▶ _Work to complete_: For this exercise, the lines from the one with "Výkonná elektrická mlýnka" through the end of the material below must be output exactly, without pictures.

▶ _Supplied material_:
════════

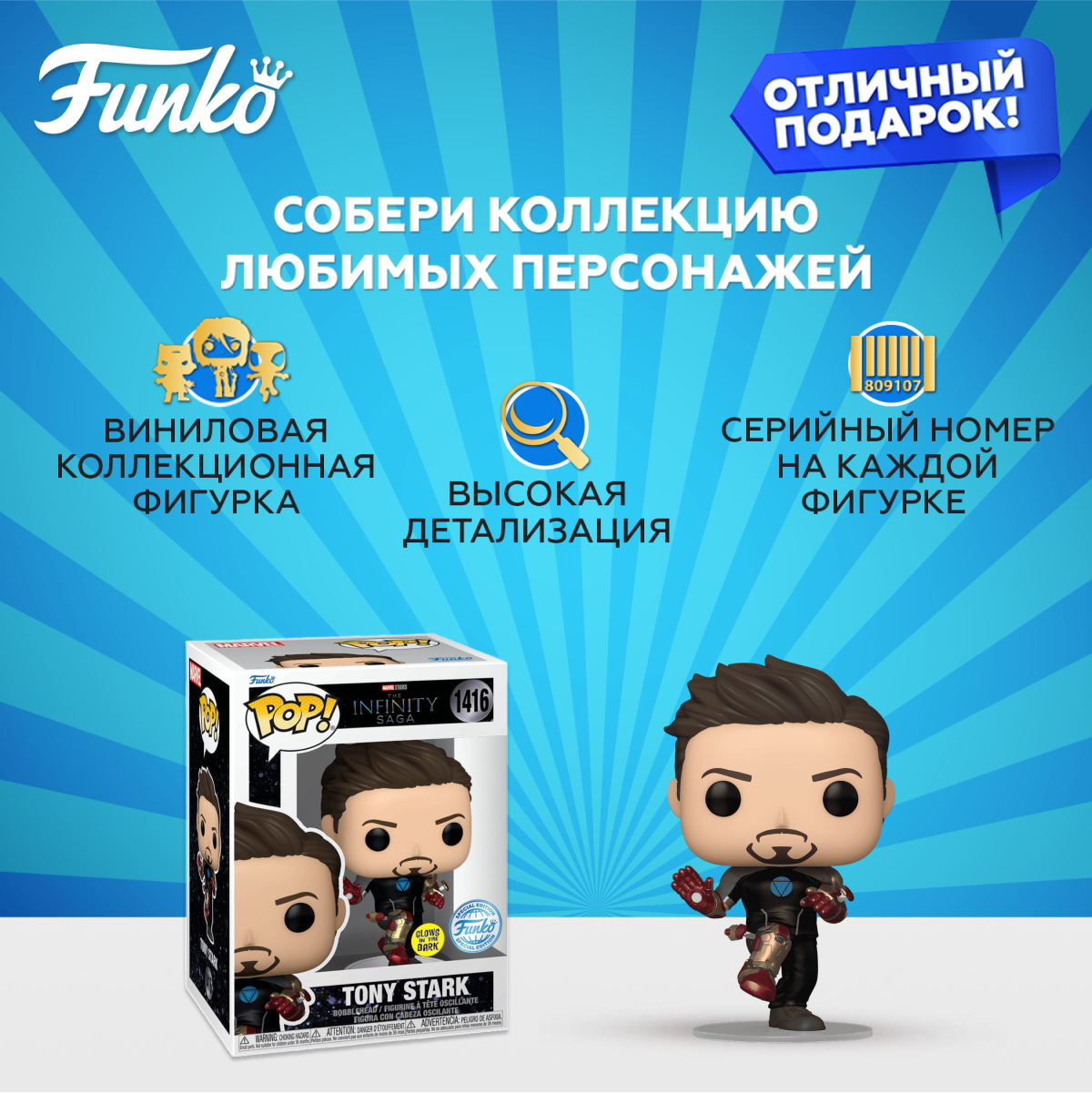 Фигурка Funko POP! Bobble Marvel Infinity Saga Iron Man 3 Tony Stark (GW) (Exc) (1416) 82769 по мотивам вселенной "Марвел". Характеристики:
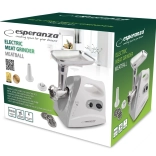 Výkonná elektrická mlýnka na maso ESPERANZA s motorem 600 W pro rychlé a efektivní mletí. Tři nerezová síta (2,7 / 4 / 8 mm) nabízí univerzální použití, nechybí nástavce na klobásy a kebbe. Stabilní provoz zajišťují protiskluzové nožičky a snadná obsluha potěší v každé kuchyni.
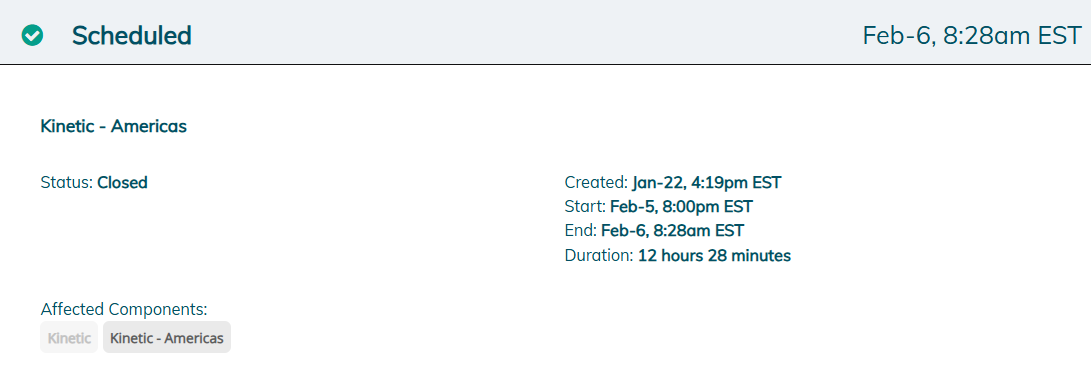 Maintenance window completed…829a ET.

════════

▶ _Written solution_:
 Výkonná elektrická mlýnka na maso ESPERANZA s motorem 600 W pro rychlé a efektivní mletí. Tři nerezová síta (2,7 / 4 / 8 mm) nabízí univerzální použití, nechybí nástavce na klobásy a kebbe. Stabilní provoz zajišťují protiskluzové nožičky a snadná obsluha potěší v každé kuchyni.
 Maintenance window completed…829a ET.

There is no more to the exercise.